═════ Data for review ═════
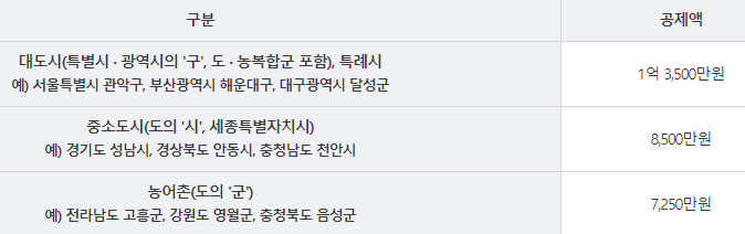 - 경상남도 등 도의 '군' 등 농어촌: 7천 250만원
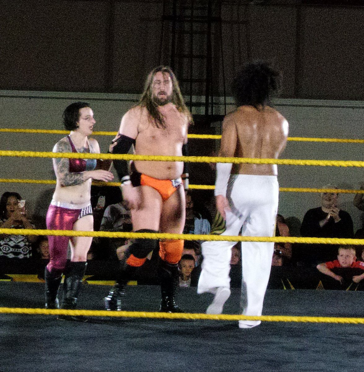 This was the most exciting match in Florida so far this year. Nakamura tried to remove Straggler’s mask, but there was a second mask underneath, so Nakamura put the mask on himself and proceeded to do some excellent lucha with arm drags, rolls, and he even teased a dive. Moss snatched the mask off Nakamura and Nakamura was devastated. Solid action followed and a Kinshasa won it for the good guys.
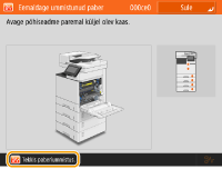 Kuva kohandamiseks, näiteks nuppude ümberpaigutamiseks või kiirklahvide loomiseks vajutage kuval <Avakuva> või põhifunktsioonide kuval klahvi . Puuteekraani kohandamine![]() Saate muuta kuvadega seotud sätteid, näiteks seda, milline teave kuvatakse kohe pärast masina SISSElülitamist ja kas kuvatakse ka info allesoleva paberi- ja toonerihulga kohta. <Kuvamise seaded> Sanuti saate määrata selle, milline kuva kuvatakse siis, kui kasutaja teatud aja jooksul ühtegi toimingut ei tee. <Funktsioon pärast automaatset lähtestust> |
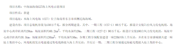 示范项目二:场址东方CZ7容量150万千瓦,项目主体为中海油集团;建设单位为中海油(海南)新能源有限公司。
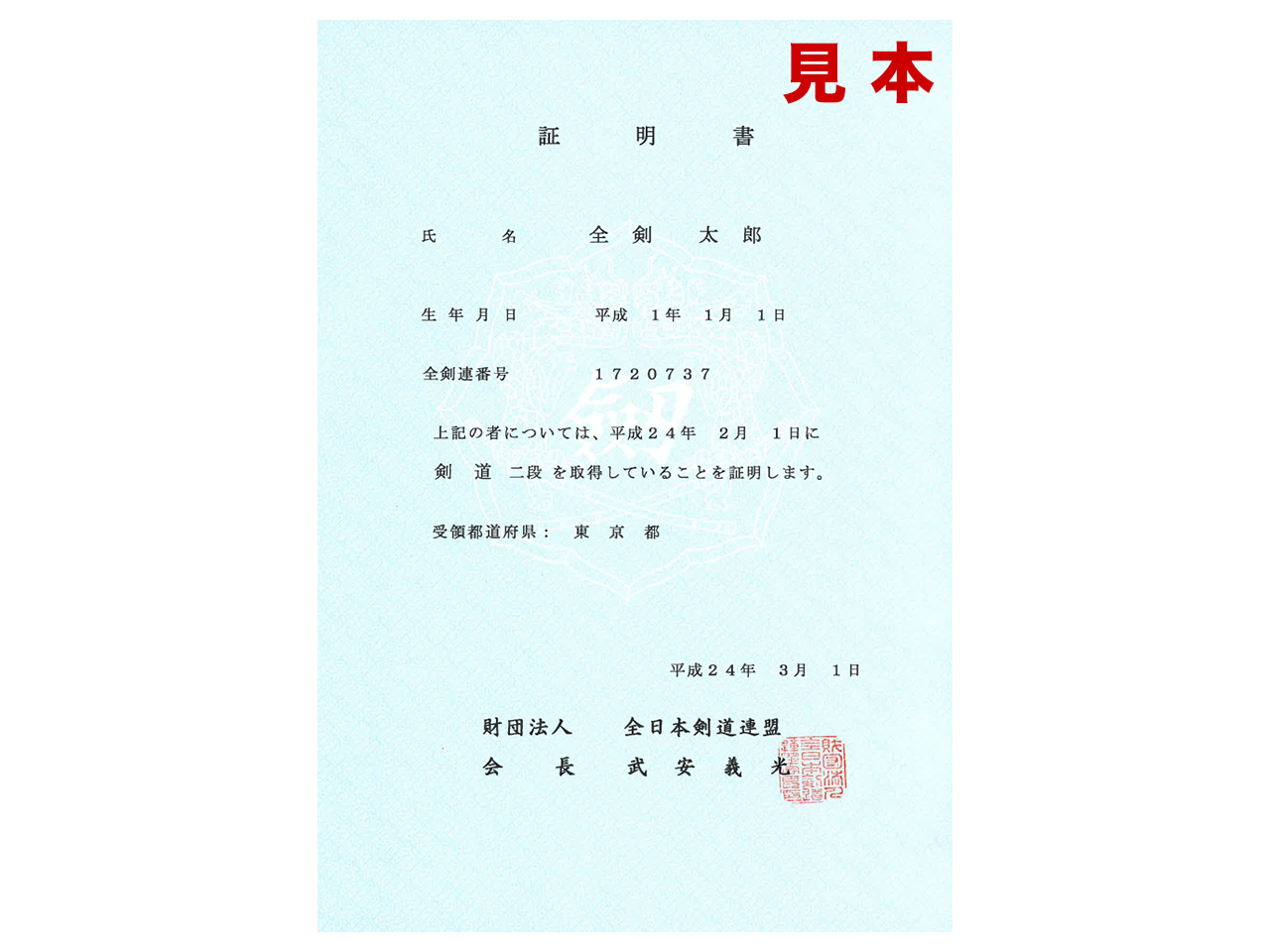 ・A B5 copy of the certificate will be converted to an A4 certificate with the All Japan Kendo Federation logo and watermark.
═════
:: What you will do ::
The images in the entries above should be left out; please reproduce exactly the lines from the first through the one containing "This was the".

:: Answer area ::
 - 경상남도 등 도의 '군' 등 농어촌: 7천 250만원
 This was the most exciting match in Florida so far this year. Nakamura tried to remove Straggler’s mask, but there was a second mask underneath, so Nakamura put the mask on himself and proceeded to do some excellent lucha with arm drags, rolls, and he even teased a dive. Moss snatched the mask off Nakamura and Nakamura was devastated. Solid action followed and a Kinshasa won it for the good guys.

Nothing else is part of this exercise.